MATERIAL SHOWN section start
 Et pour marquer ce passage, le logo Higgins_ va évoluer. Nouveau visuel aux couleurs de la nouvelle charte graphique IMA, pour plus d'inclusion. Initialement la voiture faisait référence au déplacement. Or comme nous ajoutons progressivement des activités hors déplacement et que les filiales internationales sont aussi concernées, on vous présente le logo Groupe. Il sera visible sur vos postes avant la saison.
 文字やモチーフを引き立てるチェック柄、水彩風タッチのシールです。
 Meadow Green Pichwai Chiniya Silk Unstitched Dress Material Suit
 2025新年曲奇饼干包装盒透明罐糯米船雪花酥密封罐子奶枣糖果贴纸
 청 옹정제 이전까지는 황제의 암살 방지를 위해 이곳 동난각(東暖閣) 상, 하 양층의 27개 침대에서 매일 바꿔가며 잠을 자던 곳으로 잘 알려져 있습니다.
MATERIAL SHOWN section end
MATERIAL SHOWN section start
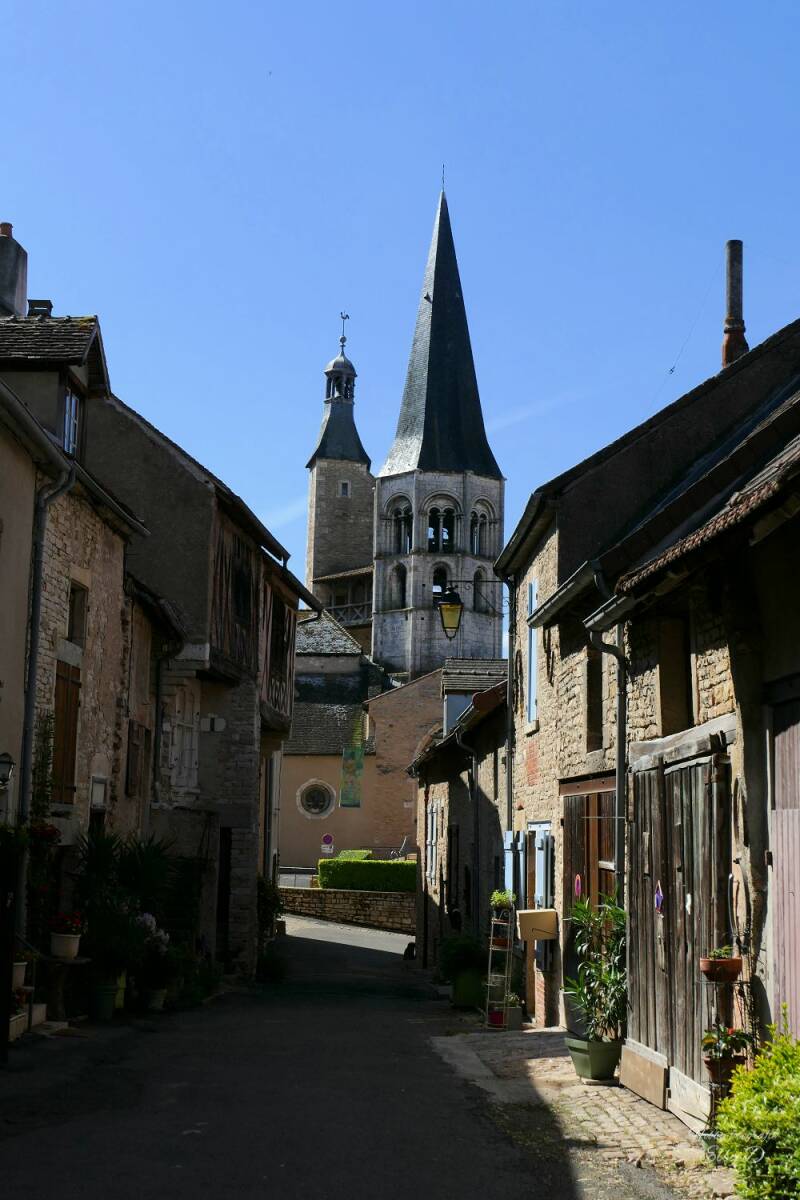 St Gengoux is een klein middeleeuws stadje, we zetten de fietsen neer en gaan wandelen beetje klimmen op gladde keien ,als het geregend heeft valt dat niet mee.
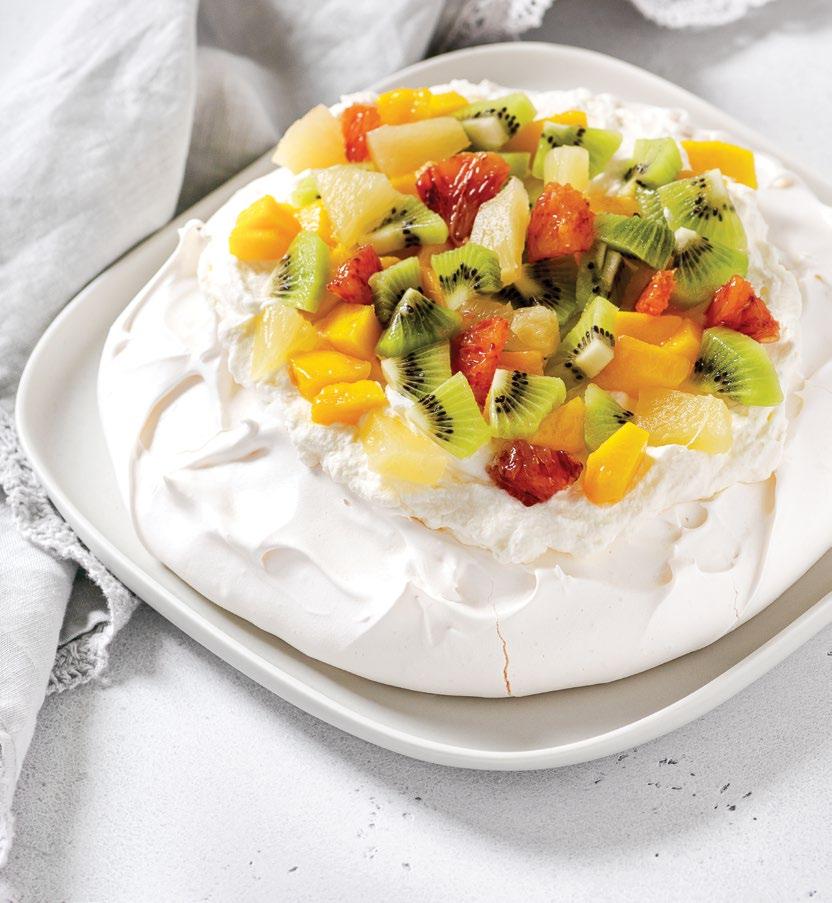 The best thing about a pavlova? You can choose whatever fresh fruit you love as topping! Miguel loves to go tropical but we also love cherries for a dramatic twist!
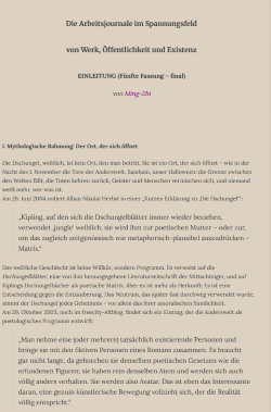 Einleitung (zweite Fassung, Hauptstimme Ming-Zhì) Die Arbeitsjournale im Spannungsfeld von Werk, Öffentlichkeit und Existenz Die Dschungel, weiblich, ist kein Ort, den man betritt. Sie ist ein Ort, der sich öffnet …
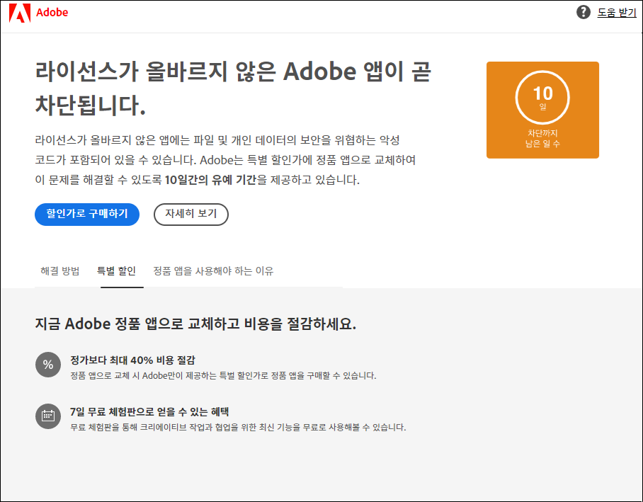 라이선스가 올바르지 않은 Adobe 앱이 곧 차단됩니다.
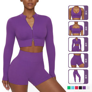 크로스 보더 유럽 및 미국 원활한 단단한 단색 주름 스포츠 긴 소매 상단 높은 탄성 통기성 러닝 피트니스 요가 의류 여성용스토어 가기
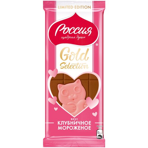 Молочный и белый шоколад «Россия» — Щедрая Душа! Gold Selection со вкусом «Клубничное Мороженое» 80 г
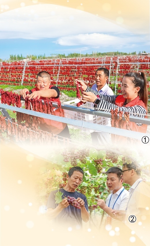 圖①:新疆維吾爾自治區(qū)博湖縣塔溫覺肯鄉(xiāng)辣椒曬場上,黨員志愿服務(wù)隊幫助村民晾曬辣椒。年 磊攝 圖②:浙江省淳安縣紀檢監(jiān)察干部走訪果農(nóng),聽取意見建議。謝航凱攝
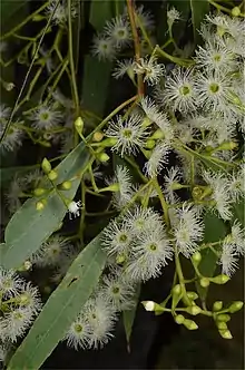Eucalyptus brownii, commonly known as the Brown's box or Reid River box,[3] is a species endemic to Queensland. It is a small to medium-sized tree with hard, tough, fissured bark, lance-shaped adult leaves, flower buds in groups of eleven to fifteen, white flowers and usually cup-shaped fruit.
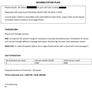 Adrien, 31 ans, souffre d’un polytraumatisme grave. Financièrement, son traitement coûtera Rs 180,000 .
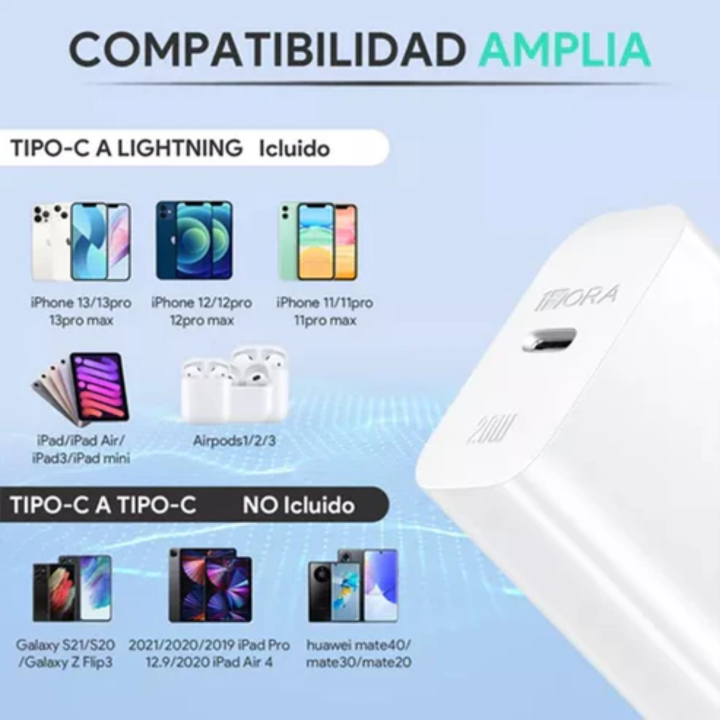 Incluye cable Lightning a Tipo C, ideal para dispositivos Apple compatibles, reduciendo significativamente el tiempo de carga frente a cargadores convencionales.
MATERIAL SHOWN section end
MATERIAL SHOWN section start
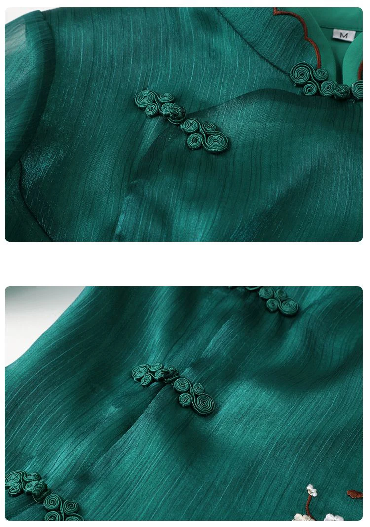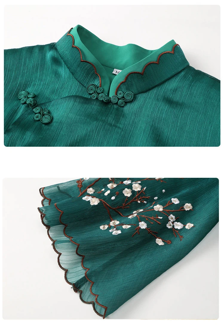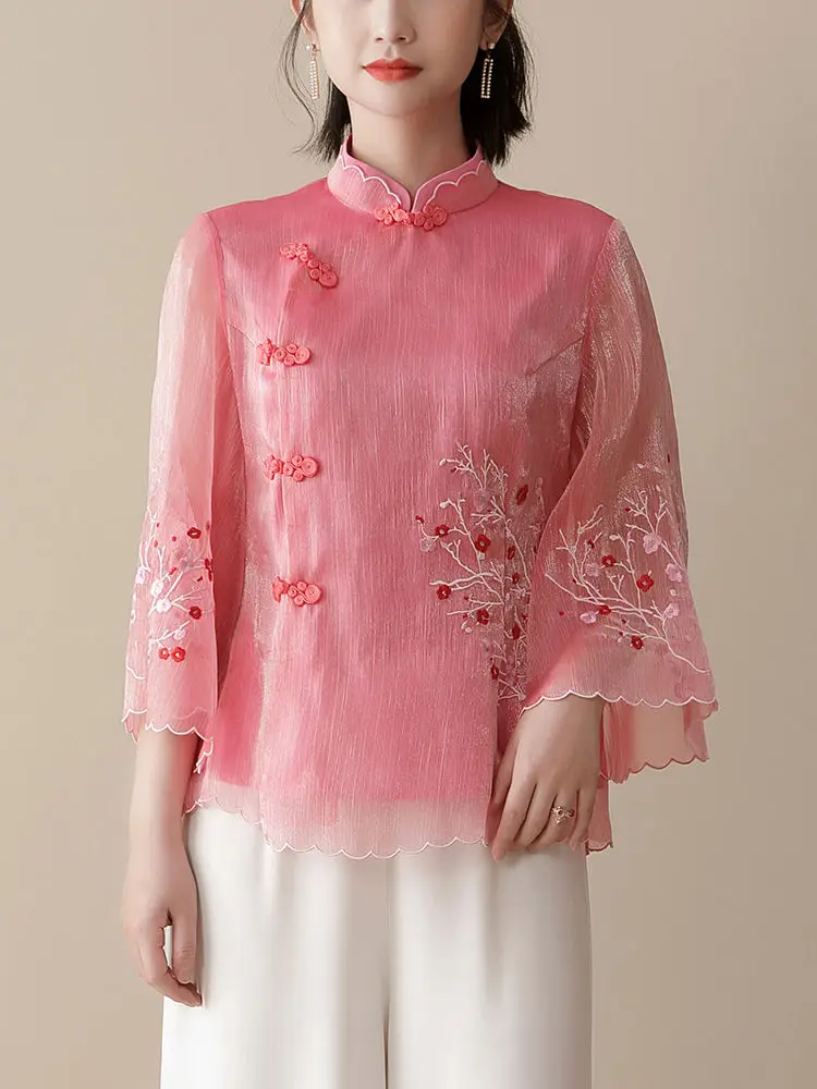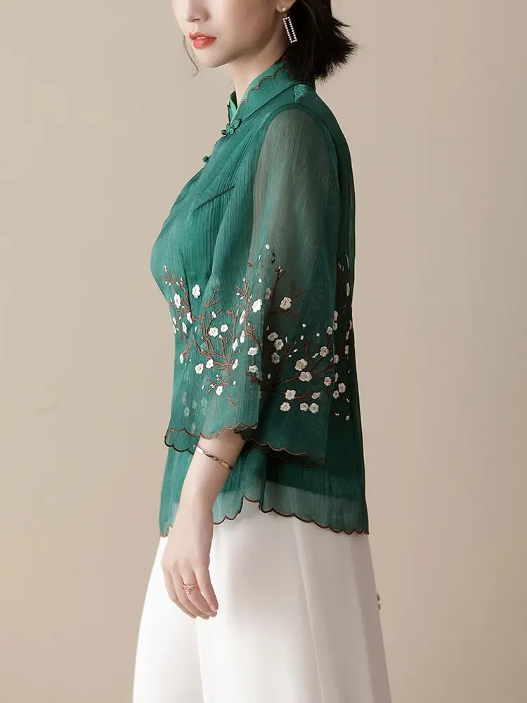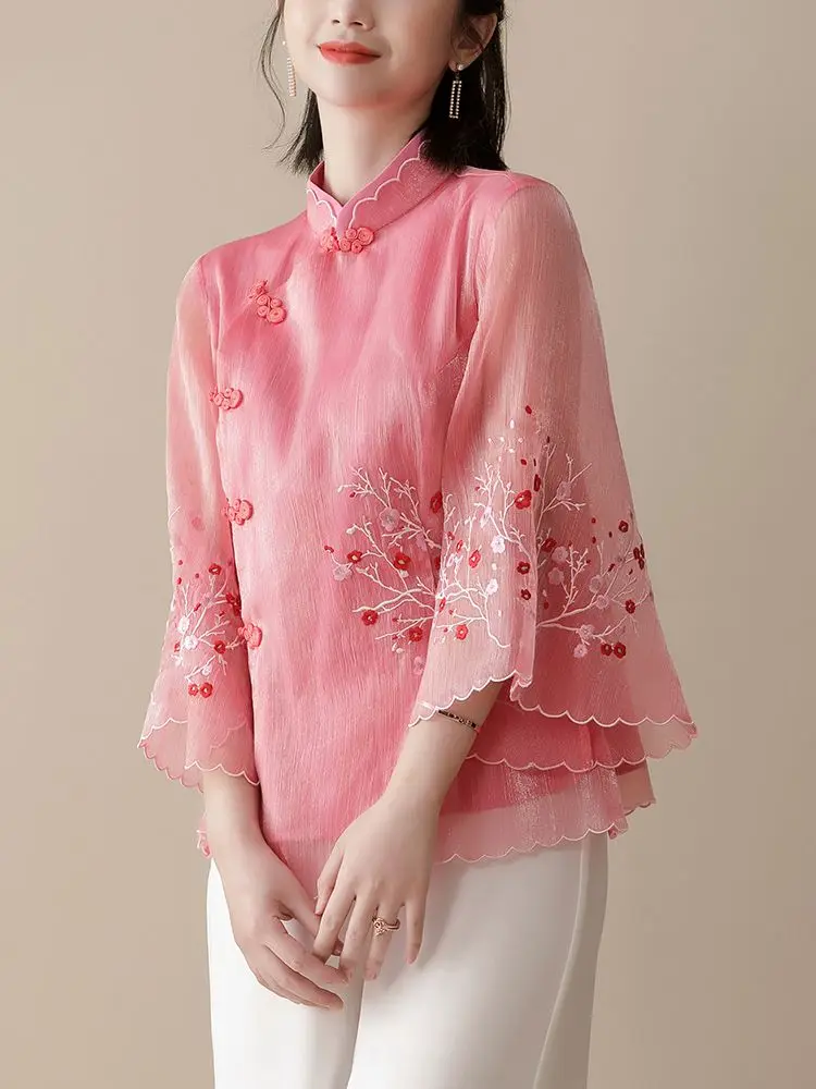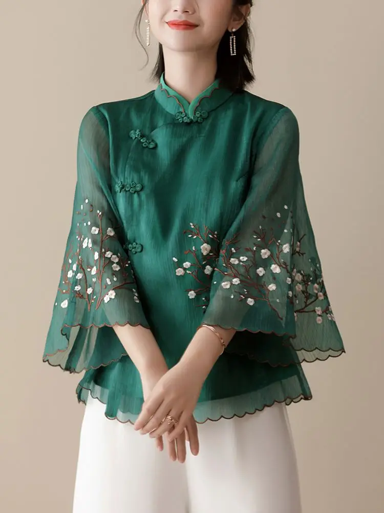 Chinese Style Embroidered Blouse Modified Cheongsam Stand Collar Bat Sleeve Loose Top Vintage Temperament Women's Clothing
MATERIAL SHOWN section end
> EXERCISE AIM
Among the records above, locate the line containing "Молочный и белый" and the line containing "Eucalyptus brownii, commonly", then transcribe exactly the lines starting at the first and ending at the second, with no pictures.

> EXERCISE RESPONSE
 Молочный и белый шоколад «Россия» — Щедрая Душа! Gold Selection со вкусом «Клубничное Мороженое» 80 г
 圖①:新疆維吾爾自治區(qū)博湖縣塔溫覺肯鄉(xiāng)辣椒曬場上,黨員志愿服務(wù)隊幫助村民晾曬辣椒。年 磊攝 圖②:浙江省淳安縣紀檢監(jiān)察干部走訪果農(nóng),聽取意見建議。謝航凱攝
Eucalyptus brownii, commonly known as the Brown's box or Reid River box,[3] is a species endemic to Queensland. It is a small to medium-sized tree with hard, tough, fissured bark, lance-shaped adult leaves, flower buds in groups of eleven to fifteen, white flowers and usually cup-shaped fruit.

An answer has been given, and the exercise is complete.